Mustapha Saheb Ettabaâ
Principal ministre de Tunis
Mustapha Saheb Ettabaâ
Grade Général de division
Général de brigade
Distinctions Grand officier de la Légion d'honneur
Grand cordon de l'ordre du Nichan Iftikhar
Commandeur de l'Ordre des Saints-Maurice-et-Lazare
Ordre du Nichan ad-Dam
Famille Moustapha Bey, beau-père
Ahmed Ier Bey, beau-frère

Mustapha Saheb Ettabaâ (مصطفى صاحب الطابع), né en 1784 et décédé le , est un ministre et haut dignitaire de la régence de Tunis. Mamelouk, il est d'origine géorgienne[1].

Biographie[modifier | modifier le code]

C'est pour accroître son prestige auprès de la cour beylicale d'Hammouda Pacha que le richissime fermier fiscal de l'État, Mahmoud Djellouli, offre au souverain un jeune mamelouk capable d'occuper une place privilégiée au sein de la cour. Son agent l'acquiert sur un marché aux esclaves à Istanbul, la capitale de l'Empire ottoman[1].

Au palais du Bardo, il suit le cursus des mamelouks.
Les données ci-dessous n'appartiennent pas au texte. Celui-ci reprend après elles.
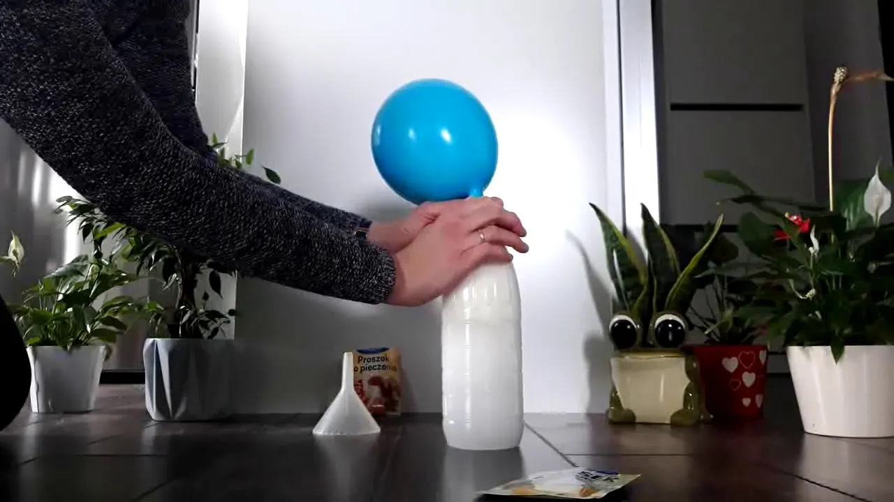 Co się dzieje? Kiedy proszek do pieczenia (wodorowęglan sodu) spotyka się z octem (kwasem octowym), rozpoczyna się gwałtowna reakcja chemiczna, w której wydziela się duża ilość dwutlenku węgla. Ten gaz, nie mając gdzie uciec z zamkniętej butelki, zaczyna rozprężać się i wypełniać balonik, sprawiając, że ten pompuje się sam! To doskonały przykład na to, jak niewidzialne gazy mogą zajmować przestrzeń i wywierać ciśnienie.

À la mort subite d'Hammouda Pacha, Saheb Ettabaâ est affranchi selon les coutumes de la cour beylicale mais, après avoir quitté Le Bardo, le redoutable et influent ministre Youssef Saheb Ettabaâ l'attache aux services du nouveau souverain Osman Bey, rapidement assassiné à l'initiative du prince Mahmoud.
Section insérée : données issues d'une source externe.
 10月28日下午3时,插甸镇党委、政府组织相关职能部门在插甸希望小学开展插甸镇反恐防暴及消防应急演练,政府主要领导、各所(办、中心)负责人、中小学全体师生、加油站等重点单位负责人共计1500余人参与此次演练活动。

Mustapha Saheb Ettabaâ entre réellement en politique sous le règne d'Hussein II Bey dont il devient garde des sceaux entre 1835 et 1837. Il mène avec le général français Bertrand Clauzel de délicates négociations sur l'attribution à des princes tunisiens des beyliks de Constantine et d'Oran[1]. Son prestige s'accroît peu à peu, ce qui lui permet d'entrer dans la famille beylicale via son mariage avec la princesse Mahbouba ; il épousera après sa mort une ancienne esclave circassienne. De par sa position, il aide la famille Djellouli lorsque celle-ci connaît la faillite en 1840. Il devient ensuite un principal ministre dont l'influence est importante ; il dirige le cabinet lorsqu'Ahmed Ier Bey visite la France en 1846, à l'invitation officielle du roi Louis-Philippe, puis lors de la visite de Sadok Bey à Alger en 1860. Il y salue Napoléon III et lui remet un exemplaire des codes et de la constitution nouvellement adoptée et à la rédaction de laquelle il a participé au sein du Grand Conseil[1].
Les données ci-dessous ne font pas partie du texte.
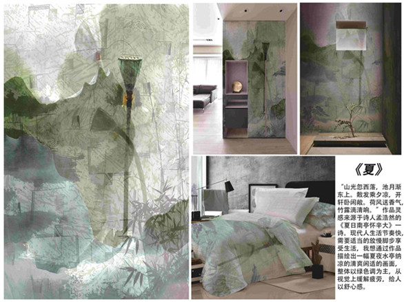 2019“海宁家纺杯”创意设计大赛以“国风·大观”为主题,旨在以中国的文化之风为核心,以东方的艺术之彩为手段,以展现中国之风格的国际时尚化为最终目的,展开系列性的创新、创意、创美的家用纺织品设计。以大设计、新视野、高品位的设计创意,营造出中国之风韵的诗意的栖居生活方式。大赛经过17载成长,承载了更为深厚的底蕴,也对参赛设计师们提出了新时代下的全新思辨主题。传统和现代,中华魂和国际范,共同碰撞,产生2019“海宁家纺杯”中国国际家用纺织品创意大赛的作品。

Il épouse en premières noces Mahbouba, fille de Moustapha Bey avec laquelle a deux enfants : Chedly et Rachid. Après la mort de son épouse, il se remarie avec Gulfidan, une odalisque circassienne avec laquelle il a un troisième enfant, Ahmed. Ses trois fils porteront le nom de Saheb Ettabaâ qui deviendra leur nom patronymique[1]. Ses funérailles se déroulent conformément aux usages de la famille beylicale et Saheb Ettabaâ est inhumé à Tourbet El Bey[1].

Il n'a aucun lien de parenté avec Youssef Saheb Ettabaâ et Chakir Saheb Ettabaâ ; saheb ettabaâ est un surnom signifiant « garde des sceaux », les surnoms étant constitués à partir de la fonction d'origine, de la fonction la plus connue ou de l'origine géographique.

Références[modifier | modifier le code]

  1. a, b, c, d, e et f Nadia Sebaï, Mustafa Saheb Ettabaâ. Un haut dignitaire beylical dans la Tunisie du XIXe siècle, éd. Cartaginoiseries, Carthage, 2007 (ISBN 9789973704047)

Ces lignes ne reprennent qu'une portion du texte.